INSTRUCTIONS TO FOLLOW: Pictures are to be left out, and only the lines from the one containing "10月23日,中國二冶收到包" through the last line of the data are to be returned exactly.

Data records
_ _ _ _ _
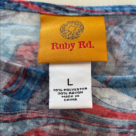 Stylish short sleeve tee by Ruby Rd. Features a blend of red, white and blue colors. Comfortable polyester-rayon fabric. NWOT
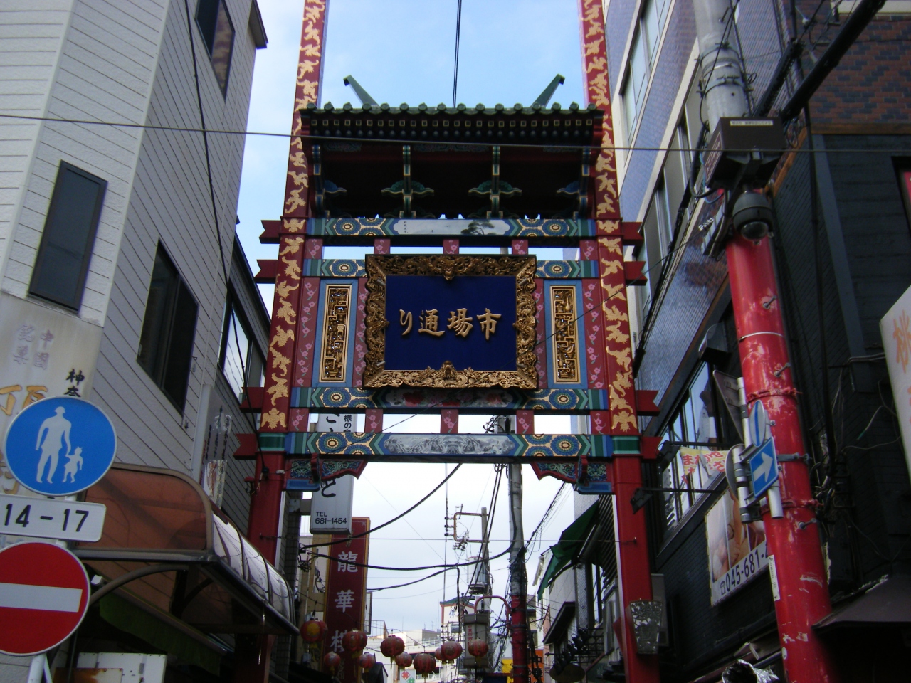 市場通り門は横浜中華街の関帝廟通りの真ん中付近、関帝廟通りと直角に交わる形で存在している市場通りに存在している門です。善隣門や朝陽門のような巨大で派手さはあまりないのですが、それでもいかにも中国といった色使いの綺麗な門なので、通る際には是非とも見上げていただければと思います。
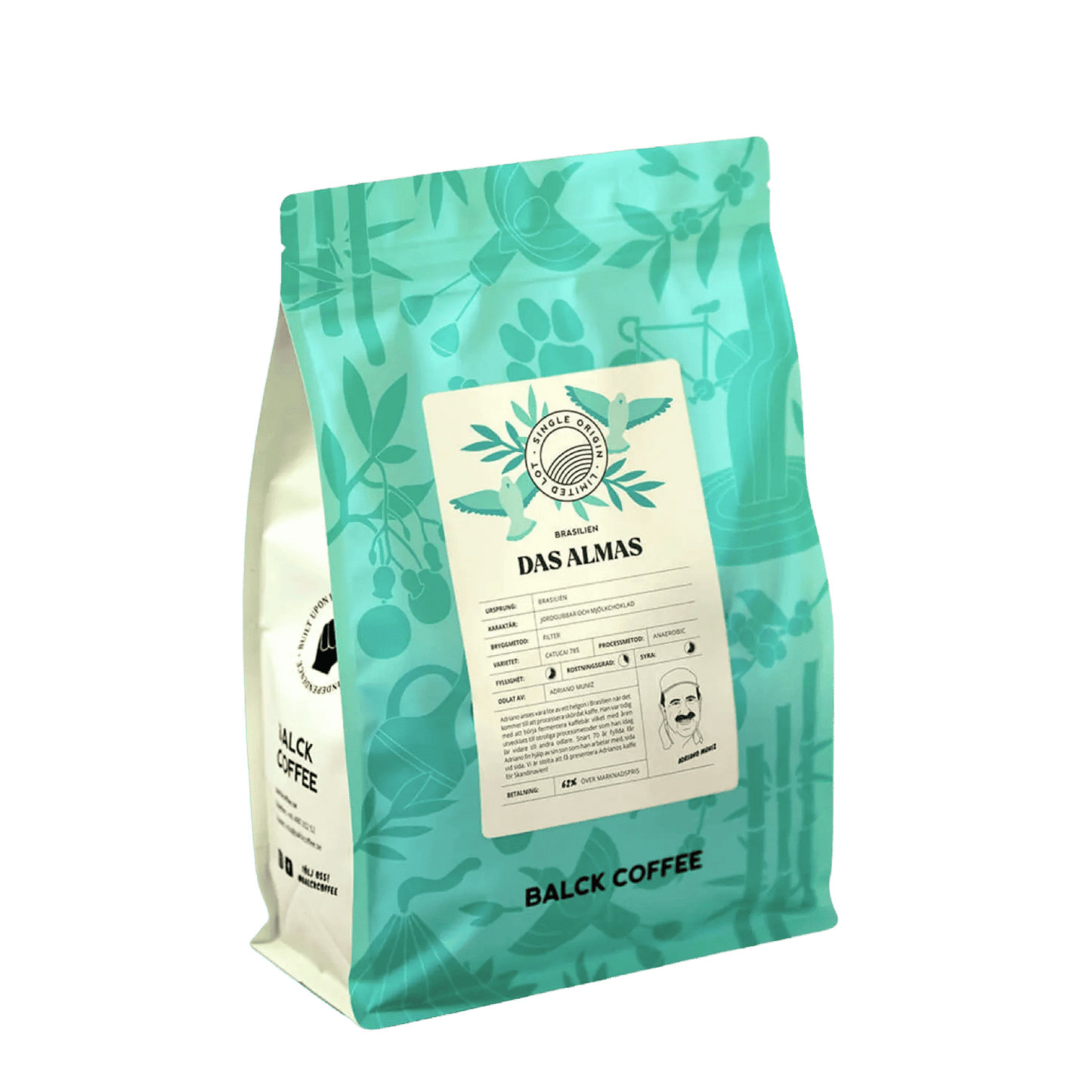 Påse med Das Almas-kaffe från Balck Coffee, specialkaffe från Brasilien med toner av jordgubbar och mjölkchoklad.
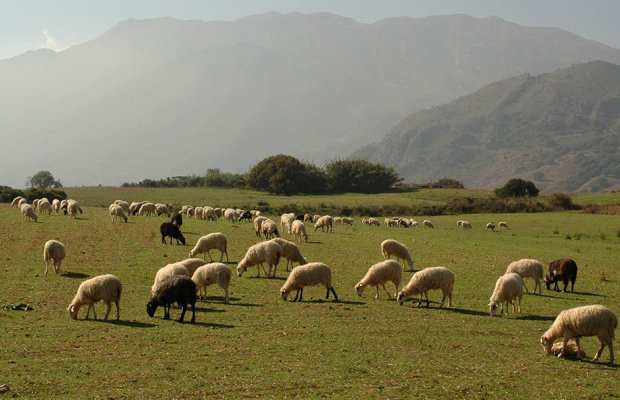 Κατσίκες και πρόβατα βόσκουν τα άγρια βότανα και τα χορταρικά, πίνουν το νερό της πηγής και ξαποσταίνουν κάτω από τις μηλιές και τις κερασιές προκειμένου να δώσουν το επόμενο πρωί το γάλα τους.
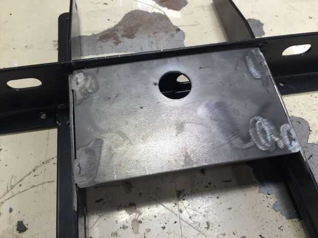 Hacer una placa para cable conectar al escritorio marco. Usé 1/8" acero chatarra que tenía puesta alrededor.
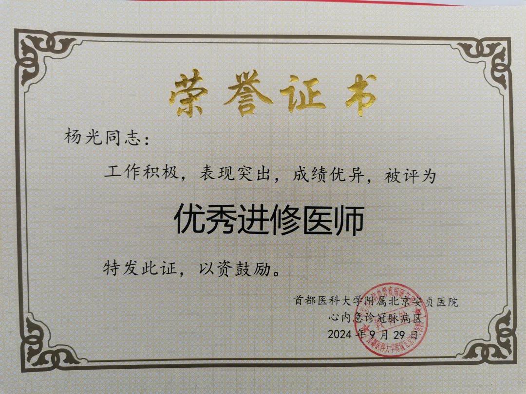 近日,市二院心血管內(nèi)科主治醫(yī)師楊光在首都醫(yī)科大學(xué)附屬北京安貞醫(yī)院完成為期一年的進(jìn)修學(xué)習(xí),現(xiàn)順利結(jié)業(yè)、學(xué)成歸來(lái),因在進(jìn)修期間表現(xiàn)優(yōu)異,被評(píng)為北京安貞醫(yī)院“優(yōu)秀進(jìn)修醫(yī)師”榮譽(yù)稱號(hào),不僅為醫(yī)院全體青年醫(yī)師樹(shù)立了榜樣,同時(shí)也給醫(yī)院心內(nèi)科專業(yè)發(fā)展注入新的活力,將所學(xué)轉(zhuǎn)化為生產(chǎn)力,把新知識(shí)、新技術(shù)傳播開(kāi)來(lái),讓更多患者受益。
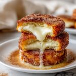 Indulge in this decadent Churro Stuffed French Toast with Cinnamon Sugar, featuring creamy cinnamon-vanilla cream cheese sandwiched between thick brioche slices, dipped in a cinnamon-infused custard, pan-fried to golden perfection, and dusted generously with cinnamon sugar for that classic churro flavor.
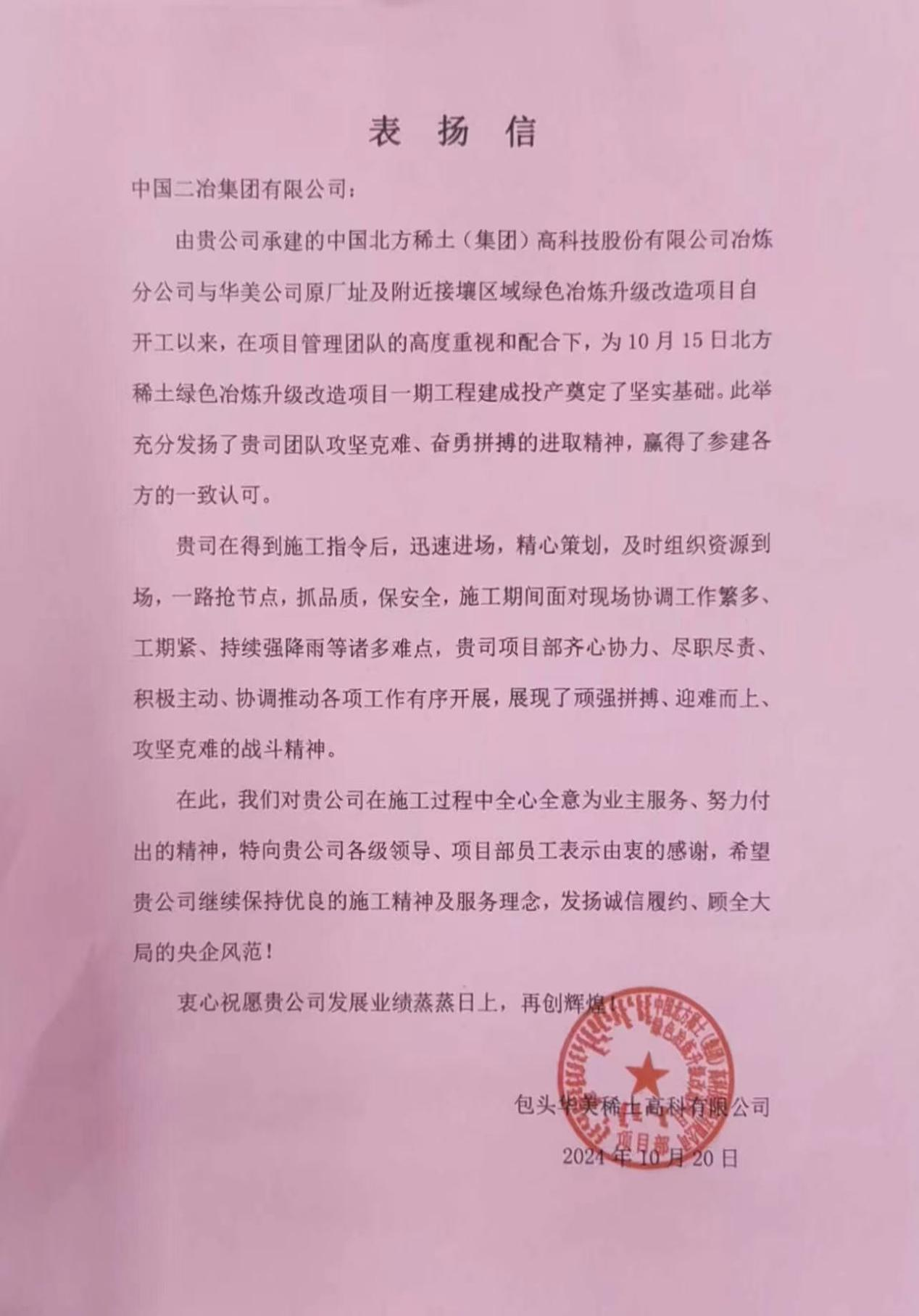 10月23日,中國二冶收到包頭華美稀土高科有限公司表揚(yáng)信,對中國二冶承建的中國北方稀土(集團(tuán))高科技股份有限公司冶煉分公司與華美公司原廠址及附近接壤區(qū)域綠色冶煉升級(jí)改造項(xiàng)目在施工過程中秉持敬業(yè)精神、盡心竭力為業(yè)主服務(wù)表示由衷感謝。
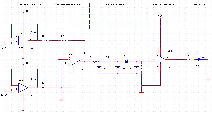 also...die ersten 2 ops summieren die eingänge (stereo)...beim 3. op bin ich mir nicht mehr ganz sich...danach kommt der tiefpass, welcher nur die tiefen frequenzen durch lässt...dann wird das ganze noch gleichgerichtet...und zum schluss noch integriert, damit's nicht so hektisch flackert...
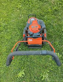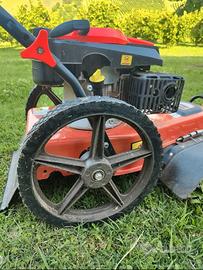 Testa a filo montata su ruote con larghezza di lavoro di circa 55 cm, altezza di taglio regolabile, manico regolabile/pieghevole, avviamento a strappo.
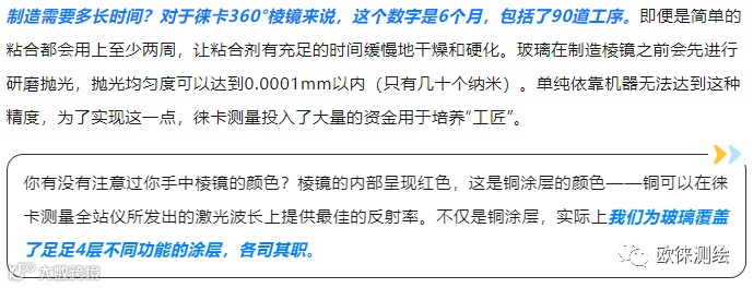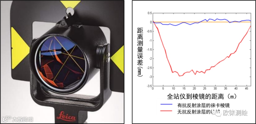 棱镜前表面的蓝色抗反射涂层,最高可防止3mm的测距误差
_ _ _ _ _
SOLUTION FOR THIS PROBLEM:
 10月23日,中國二冶收到包頭華美稀土高科有限公司表揚(yáng)信,對中國二冶承建的中國北方稀土(集團(tuán))高科技股份有限公司冶煉分公司與華美公司原廠址及附近接壤區(qū)域綠色冶煉升級(jí)改造項(xiàng)目在施工過程中秉持敬業(yè)精神、盡心竭力為業(yè)主服務(wù)表示由衷感謝。
 also...die ersten 2 ops summieren die eingänge (stereo)...beim 3. op bin ich mir nicht mehr ganz sich...danach kommt der tiefpass, welcher nur die tiefen frequenzen durch lässt...dann wird das ganze noch gleichgerichtet...und zum schluss noch integriert, damit's nicht so hektisch flackert...
 Testa a filo montata su ruote con larghezza di lavoro di circa 55 cm, altezza di taglio regolabile, manico regolabile/pieghevole, avviamento a strappo.
 棱镜前表面的蓝色抗反射涂层,最高可防止3mm的测距误差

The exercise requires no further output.